**WORK ORDER:** Leave the pictures aside and copy all the data exactly.

**MATERIAL PROVIDED:**
--- START ---

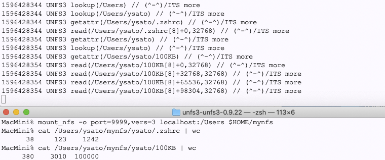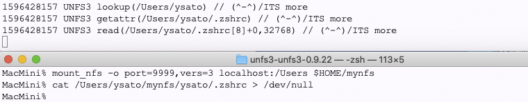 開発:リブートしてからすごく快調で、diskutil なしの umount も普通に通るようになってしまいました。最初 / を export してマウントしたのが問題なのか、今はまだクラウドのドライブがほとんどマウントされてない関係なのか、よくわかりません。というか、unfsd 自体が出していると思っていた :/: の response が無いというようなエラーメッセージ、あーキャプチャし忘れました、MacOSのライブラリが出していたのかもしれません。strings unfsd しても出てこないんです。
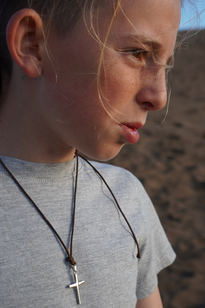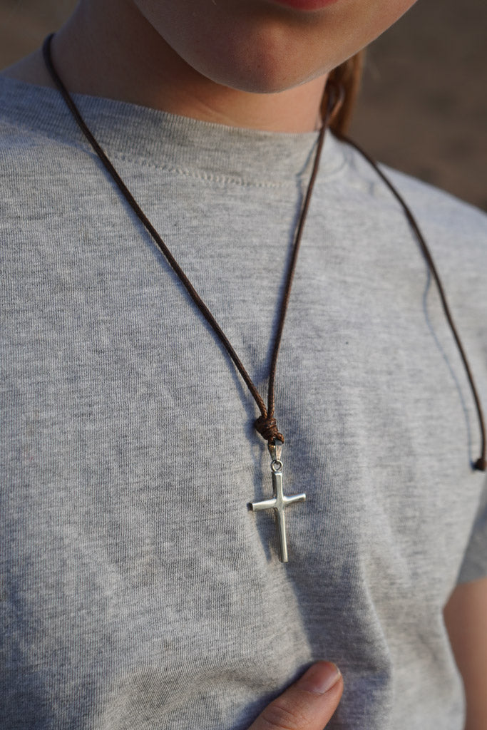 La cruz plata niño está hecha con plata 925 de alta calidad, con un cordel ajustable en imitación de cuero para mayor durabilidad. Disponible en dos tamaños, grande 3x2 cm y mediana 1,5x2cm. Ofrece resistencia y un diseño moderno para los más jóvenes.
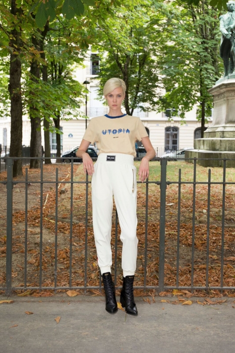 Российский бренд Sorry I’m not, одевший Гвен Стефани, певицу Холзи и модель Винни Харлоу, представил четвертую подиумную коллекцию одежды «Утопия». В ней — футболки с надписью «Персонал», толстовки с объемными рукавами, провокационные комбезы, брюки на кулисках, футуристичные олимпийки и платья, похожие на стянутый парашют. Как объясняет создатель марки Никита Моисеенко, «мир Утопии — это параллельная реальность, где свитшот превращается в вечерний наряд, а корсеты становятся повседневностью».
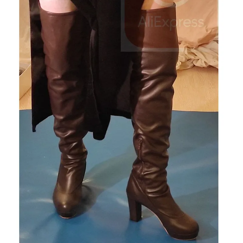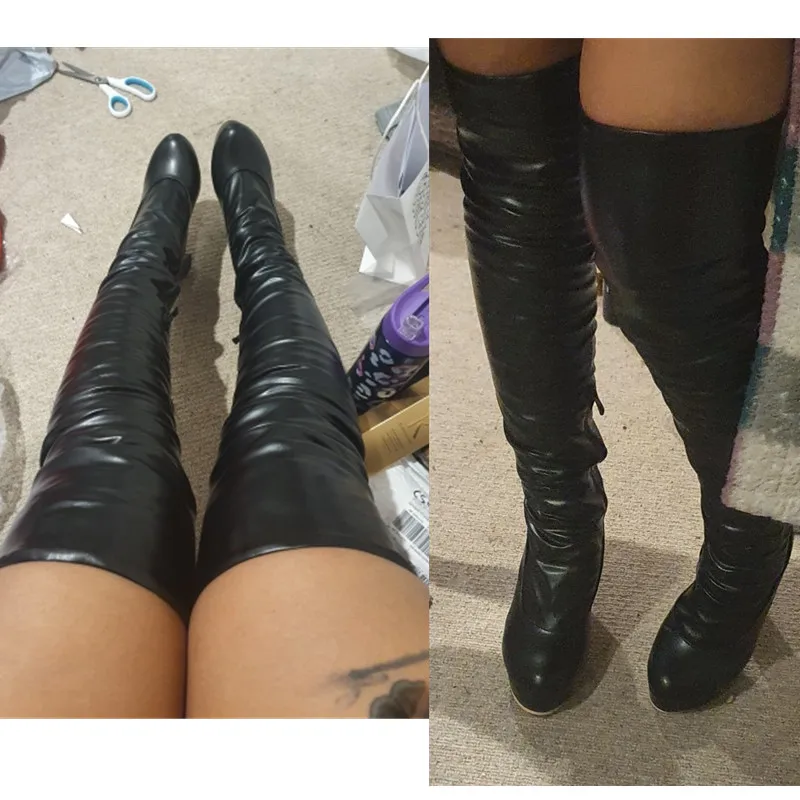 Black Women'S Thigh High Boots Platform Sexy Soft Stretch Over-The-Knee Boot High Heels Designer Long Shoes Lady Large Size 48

--- END ---

**ANSWER BOX:**
 開発:リブートしてからすごく快調で、diskutil なしの umount も普通に通るようになってしまいました。最初 / を export してマウントしたのが問題なのか、今はまだクラウドのドライブがほとんどマウントされてない関係なのか、よくわかりません。というか、unfsd 自体が出していると思っていた :/: の response が無いというようなエラーメッセージ、あーキャプチャし忘れました、MacOSのライブラリが出していたのかもしれません。strings unfsd しても出てこないんです。
 La cruz plata niño está hecha con plata 925 de alta calidad, con un cordel ajustable en imitación de cuero para mayor durabilidad. Disponible en dos tamaños, grande 3x2 cm y mediana 1,5x2cm. Ofrece resistencia y un diseño moderno para los más jóvenes.
 Российский бренд Sorry I’m not, одевший Гвен Стефани, певицу Холзи и модель Винни Харлоу, представил четвертую подиумную коллекцию одежды «Утопия». В ней — футболки с надписью «Персонал», толстовки с объемными рукавами, провокационные комбезы, брюки на кулисках, футуристичные олимпийки и платья, похожие на стянутый парашют. Как объясняет создатель марки Никита Моисеенко, «мир Утопии — это параллельная реальность, где свитшот превращается в вечерний наряд, а корсеты становятся повседневностью».
 Black Women'S Thigh High Boots Platform Sexy Soft Stretch Over-The-Knee Boot High Heels Designer Long Shoes Lady Large Size 48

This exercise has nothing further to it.